Basics on the topicMean, Median, Mode, Range

The mean, median, mode, and range are measurements used to help make sense of a data set. They give different ways of seeing where the data tends. The mean, or average, is a useful way to measure the tendency of a data set when there are no extreme values in the set. When there are extreme values, the median can be more useful, as it is the middle value of a data set, when the set is arranged in ascending order. The mode is the value which occurs most often in the data set, and thus gives the most common value in a data set. The range is the difference between the largest and smallest values in the set, and gives an idea of how spread out the data set is. Learn more about these data set measurements by helping to analyze the outcome of the Annual Bratwurst Eating Contest in Austin, Texas. Common Core Reference: CCSS.MATH.CONTENT.6.SP.B.5.C

TranscriptMean, Median, Mode, Range

This year, the Annual Bratwurst Eating Contest will be held in Austin, Texas, and a team from the US, a team from Canada and of course, the German team will compete.

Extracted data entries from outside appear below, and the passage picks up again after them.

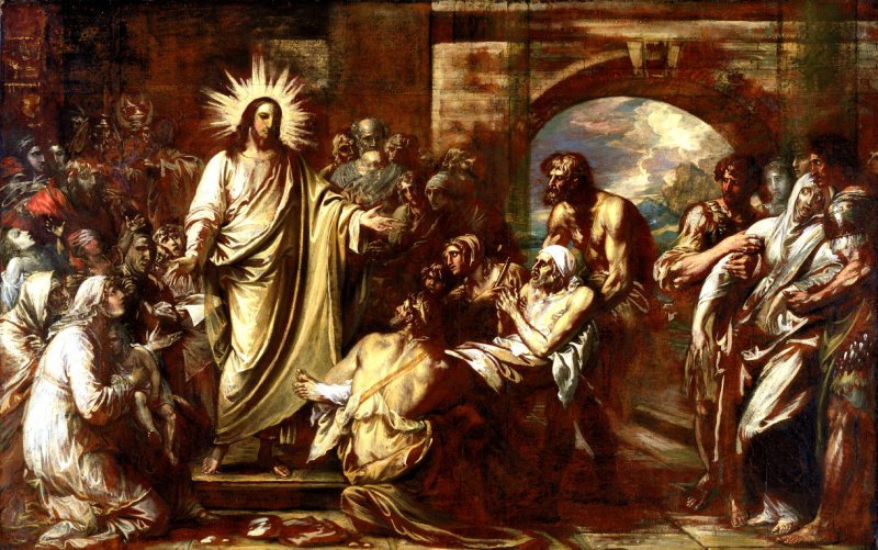 Christ heals the sick in the Temple. c1780-1, completed 1811; 9 x 14 feet; destroyed during WW2. This sketch: 1794. Oil on paper mounted on canvas. 28 5/8 x 45 3/8 ins (72.7 x 115.3 cms). Fine Arts Museum of San Francisco, California. On its completion in 1811 it was exhibited in London to immense crowds, and was subsequently purchased by the British Institution for 3,000 guineas — at that time the largest sum ever paid for a modern work.
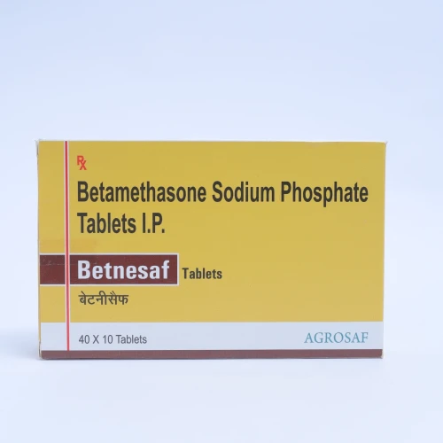 | Description: | BETNESAF Tablet contains Betamethasone 0.5 mg, a potent corticosteroid used to treat various inflammatory and allergic conditions. It works by suppressing the immune response and reducing inflammation, swelling, redness, and itching in the body. This medication is commonly prescribed for conditions such as severe allergies, skin disorders, rheumatic diseases, and certain autoimmune conditions. BETNESAF tablets are formulated for effective systemic relief when corticosteroid therapy is required. |
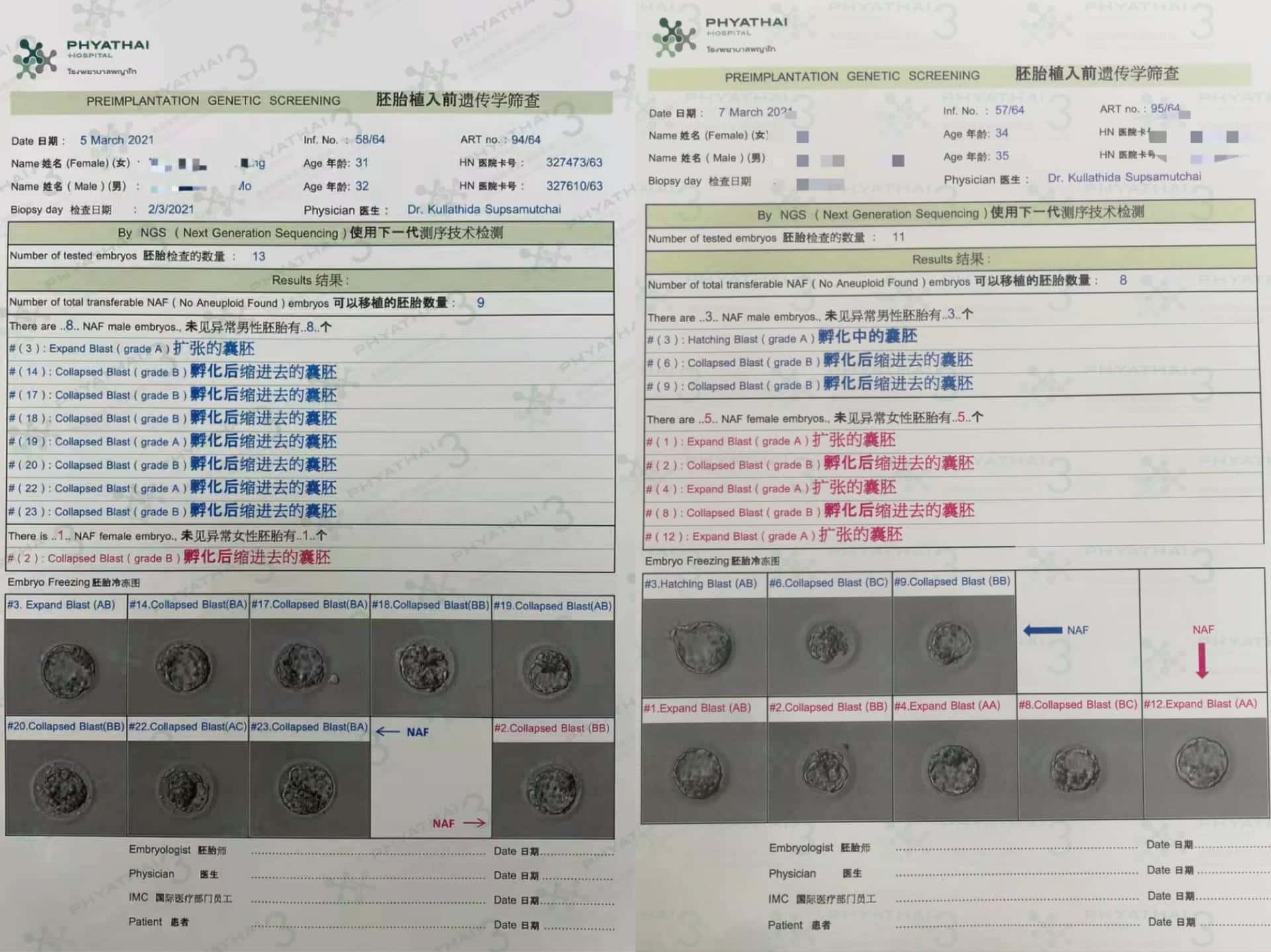 △近期筛查报告一览(格内胚胎均为健康可移植)
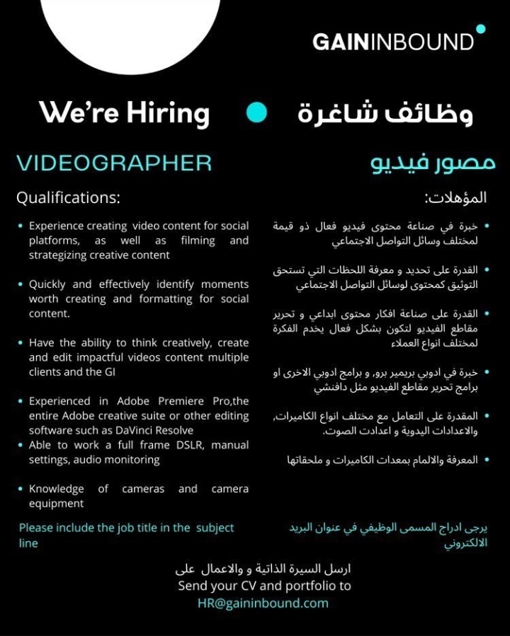 وكالة تسويق عن رغبتها بتعيين لديها مصور فيديو بالشروط التالية :
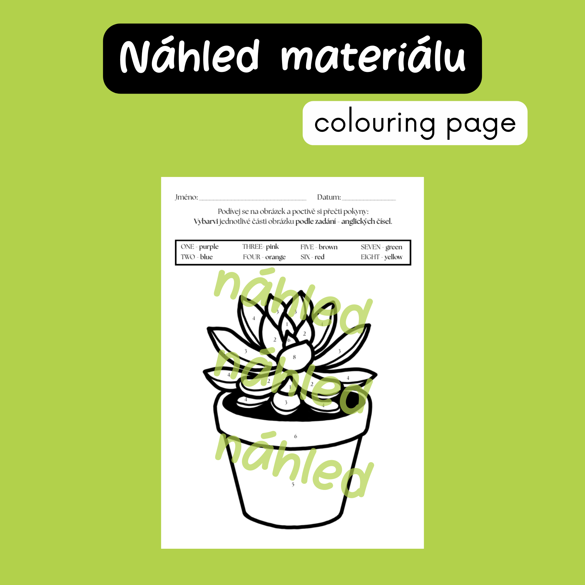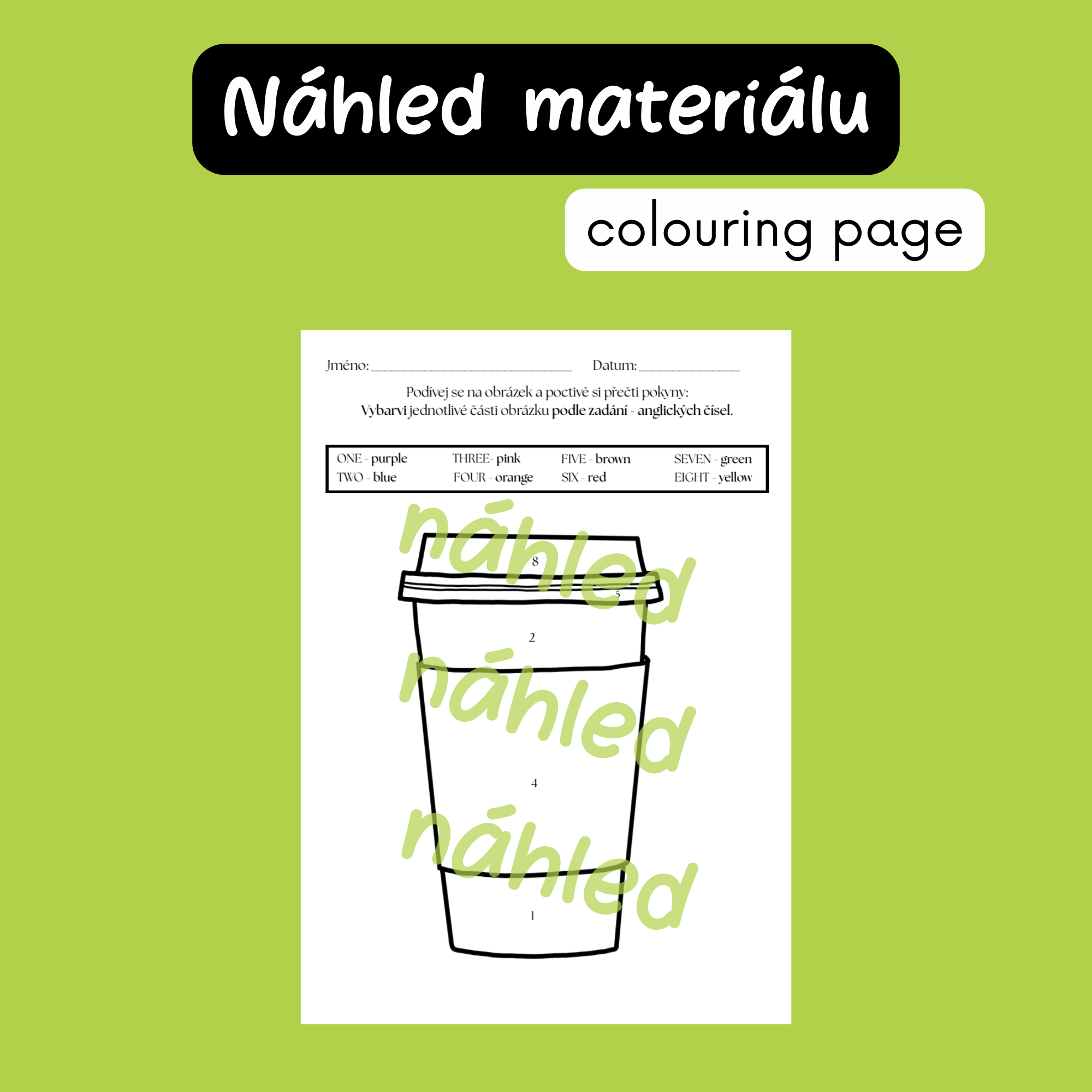 - ANGLICKY psaná čísla a barvy
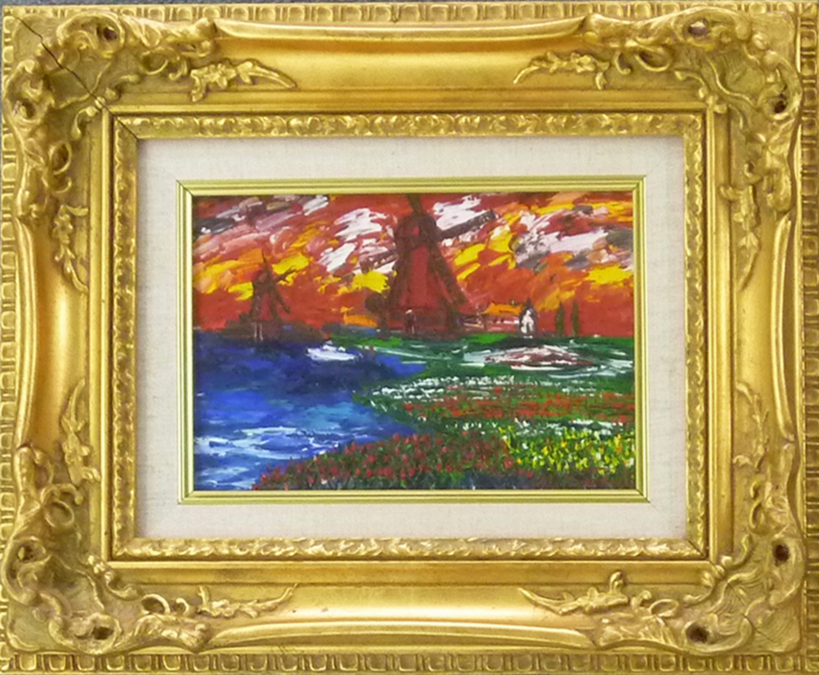 風車と花畑という、オランダならではの風景を描いた作品です。
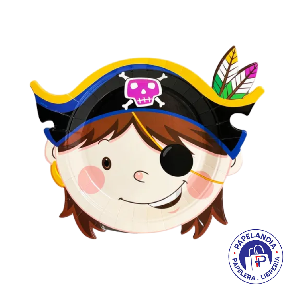PLATO DE POLIPAPEL 17CM CON FORMA PIRATA X6 UN DPC006
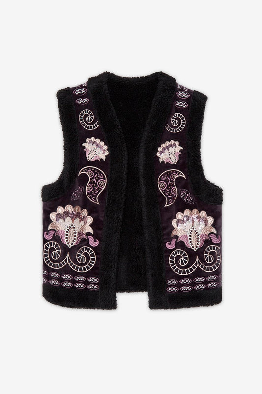 In offertaGilet nero con fiori viola
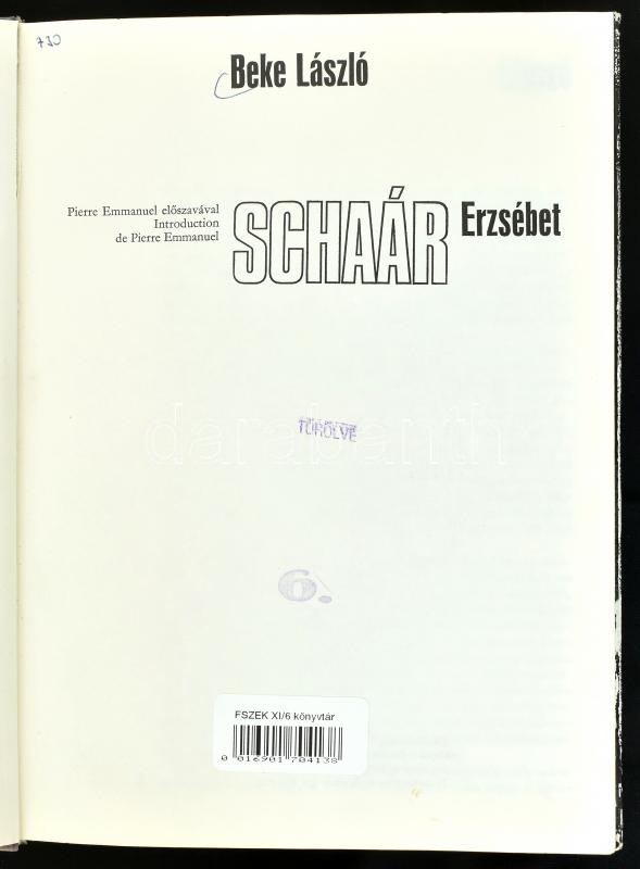 Beke László : Schaár Erzsébet. Bp., 1973., Corvina. Kiadói egészvászon kötésben, kiadói kissé szakadt, kopott papír védőborítóval, volt könyvtári példány.
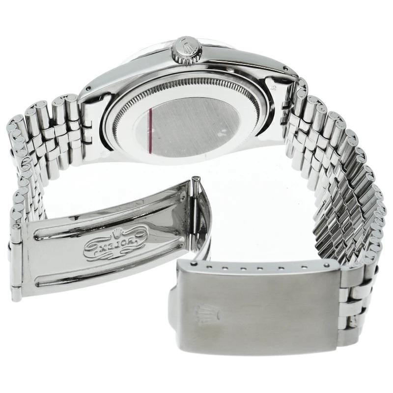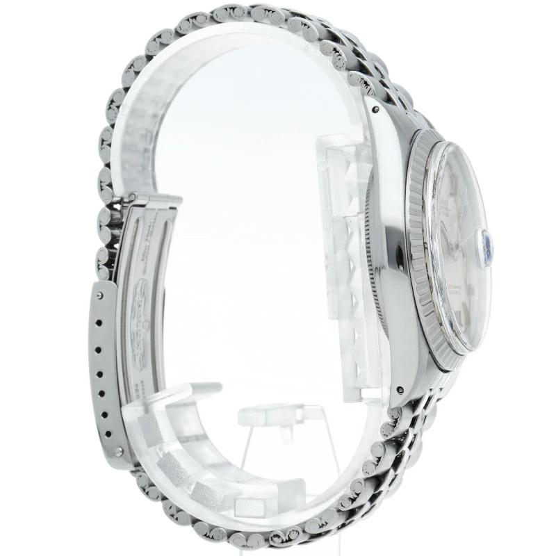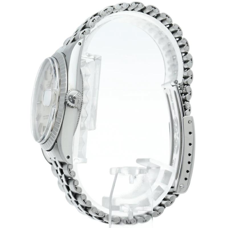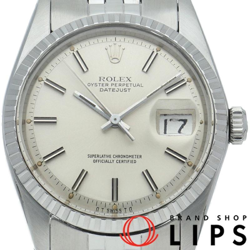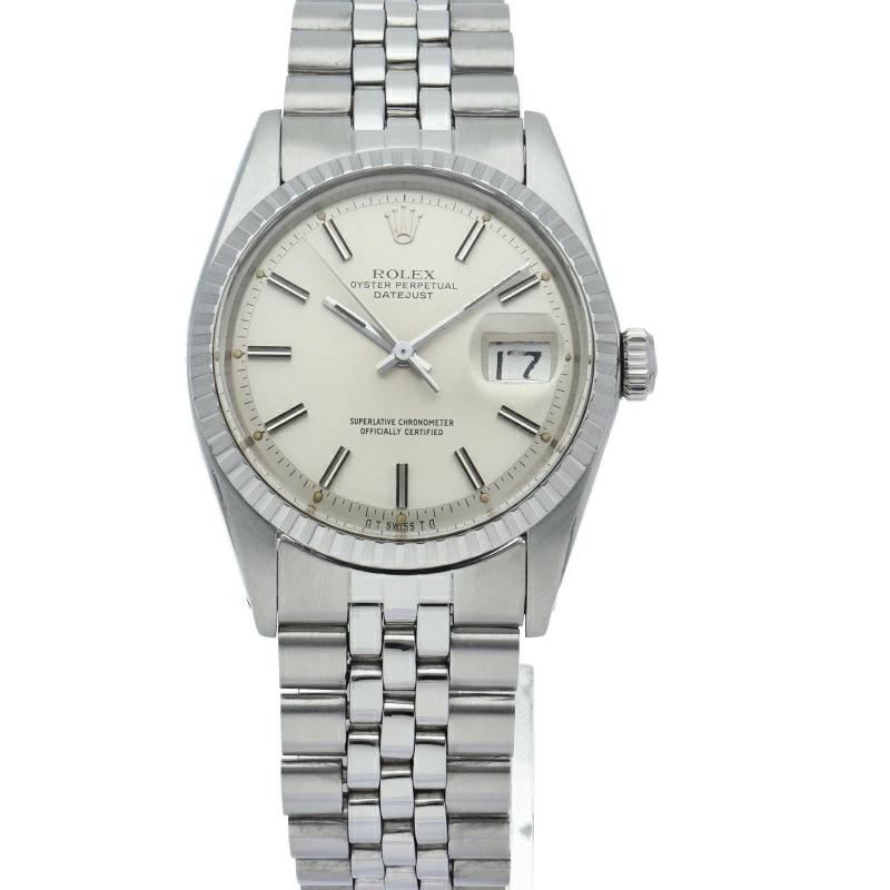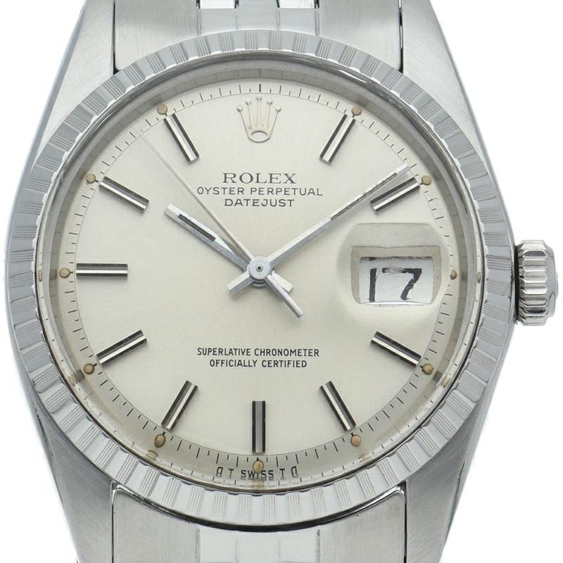| ロレックスのドレスウォッチの王道「デイトジャスト」。エンジンターンドベゼルのアンティーク感が逆に新鮮な1本。プラスチック風防仕様。こちらはワイドボーイ、通常よりも幅の広い針とインデックスが通称「Fat boy」とも呼ばれる希少文字盤です。 |
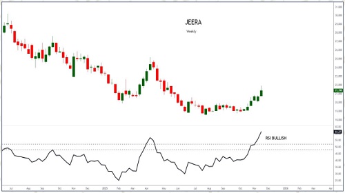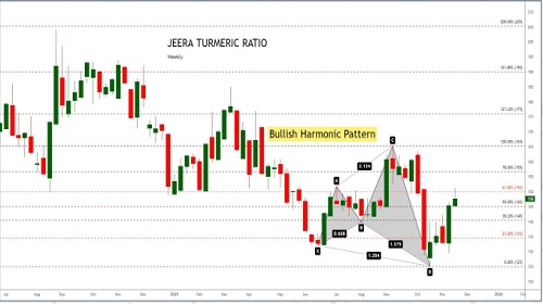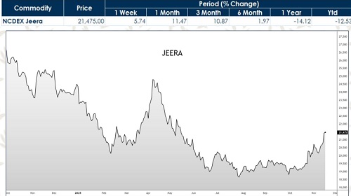 Price Performance: Jeera gained over 10% this month, supported by extremely low arrivals and delayed sowing across Gujarat and Rajasthan. Weather disruptions, uneven rainfall and unstable field conditions restricted acreage expansion, while improved Gulf and Chinese buying helped sustain firmness despite overall price-sensitive export sentiment.
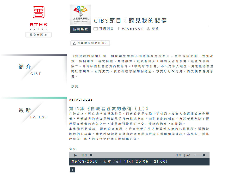 九月份 #香港電台CIBS廣播節目《#聽見我的悲傷》關注自殺者親友的悲傷話題。訪問由 #生命熱線 程序策劃經理 蔡秀玲女士介紹機構為自殺者及突然離世親友之支援服務。#釋心同行,積極活出美好人生!

It's too bad. Kornelius, a member of the German team is otherwise engaged, so he can’t attend the contest. But Stephan, the captain of the German team, has an ace up his sleeve. I wonder what he's up to. The winner of the Annual Bratwurst Eating Contest is the team with the highest mean number of brats consumed. But, teams will be rewarded for the biggest range as well as excellence in the three methods of calculating the central tendency of a set: Mean, Median and Mode.

Calculating the mean

Let’s help the judges calculate the mean. The mean is the sum of all elements in a set divided by the total number of elements in the set. The mean is also known as the average of a data set. To calculate the mean for each team, we first have to add the number of brats consumed by each member of each team, and then divide that sum by the number of team members, or addends.

Germany has a mean of 43, while team USA has a mean of 36. The Canadian team has a mean of 23 – as you can see, to calculate their mean score, we divided the sum of the bratwurst eaten by 4 since there are only 4 members of their team and therefore, 4 addends. Does the mean truly reflect the center of the data for each team? Some of the numbers seem to be too high or too low… Numbers that are higher or lower than the other numbers in a data set are called outliers, and they can skew the mean, higher or lower. So... maybe the mean is not the best measure of central tendency.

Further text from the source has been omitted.